_Task input_
··········
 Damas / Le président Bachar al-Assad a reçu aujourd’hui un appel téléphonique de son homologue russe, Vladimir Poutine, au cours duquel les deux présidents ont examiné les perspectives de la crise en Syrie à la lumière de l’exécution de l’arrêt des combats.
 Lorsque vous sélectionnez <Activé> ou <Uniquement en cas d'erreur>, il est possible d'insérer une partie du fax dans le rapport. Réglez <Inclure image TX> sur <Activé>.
··········
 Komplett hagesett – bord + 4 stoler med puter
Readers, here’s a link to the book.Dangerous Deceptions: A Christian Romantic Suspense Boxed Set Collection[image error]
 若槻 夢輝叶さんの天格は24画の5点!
··········
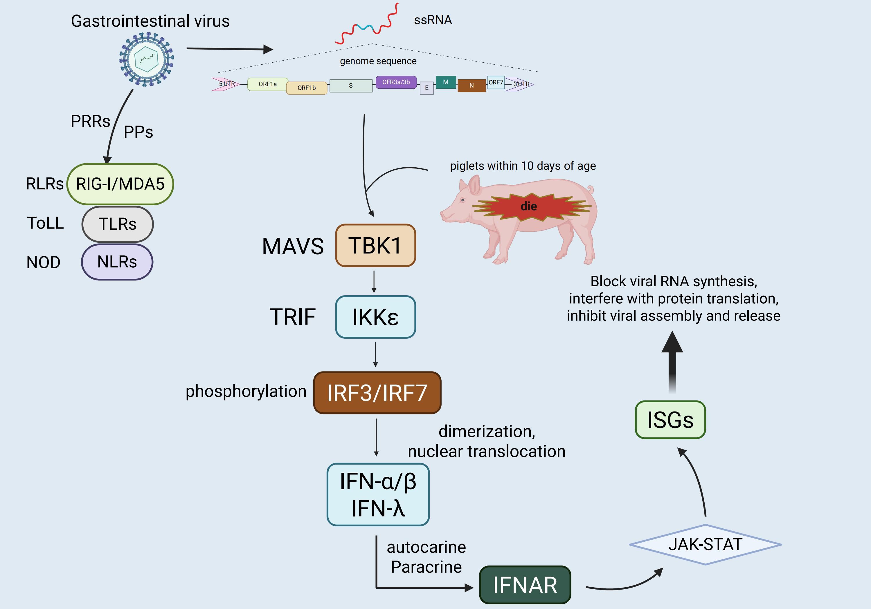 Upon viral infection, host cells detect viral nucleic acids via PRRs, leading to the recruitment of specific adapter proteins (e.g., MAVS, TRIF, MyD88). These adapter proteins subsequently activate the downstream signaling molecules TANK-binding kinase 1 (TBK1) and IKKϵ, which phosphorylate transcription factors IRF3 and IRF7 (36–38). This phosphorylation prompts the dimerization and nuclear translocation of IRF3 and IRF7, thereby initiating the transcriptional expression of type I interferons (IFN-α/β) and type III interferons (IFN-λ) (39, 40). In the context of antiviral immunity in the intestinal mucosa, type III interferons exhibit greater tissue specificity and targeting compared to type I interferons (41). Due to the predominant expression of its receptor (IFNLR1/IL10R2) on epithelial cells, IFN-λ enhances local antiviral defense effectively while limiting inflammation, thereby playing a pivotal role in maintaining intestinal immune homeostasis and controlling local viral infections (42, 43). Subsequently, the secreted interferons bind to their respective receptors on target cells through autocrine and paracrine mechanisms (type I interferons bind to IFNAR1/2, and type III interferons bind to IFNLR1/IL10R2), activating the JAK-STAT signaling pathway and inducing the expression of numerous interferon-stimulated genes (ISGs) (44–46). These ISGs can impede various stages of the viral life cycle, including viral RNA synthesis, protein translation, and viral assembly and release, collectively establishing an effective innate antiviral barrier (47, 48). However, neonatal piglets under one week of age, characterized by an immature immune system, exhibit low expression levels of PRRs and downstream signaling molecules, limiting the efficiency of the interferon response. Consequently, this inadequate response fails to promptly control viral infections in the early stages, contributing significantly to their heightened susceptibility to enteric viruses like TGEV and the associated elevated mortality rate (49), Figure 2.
··········
_What the task requires_
When a line of the data holds the string "image", pick it out and copy it.

_Output for this exercise_
 Lorsque vous sélectionnez <Activé> ou <Uniquement en cas d'erreur>, il est possible d'insérer une partie du fax dans le rapport. Réglez <Inclure image TX> sur <Activé>.
Readers, here’s a link to the book.Dangerous Deceptions: A Christian Romantic Suspense Boxed Set Collection[image error]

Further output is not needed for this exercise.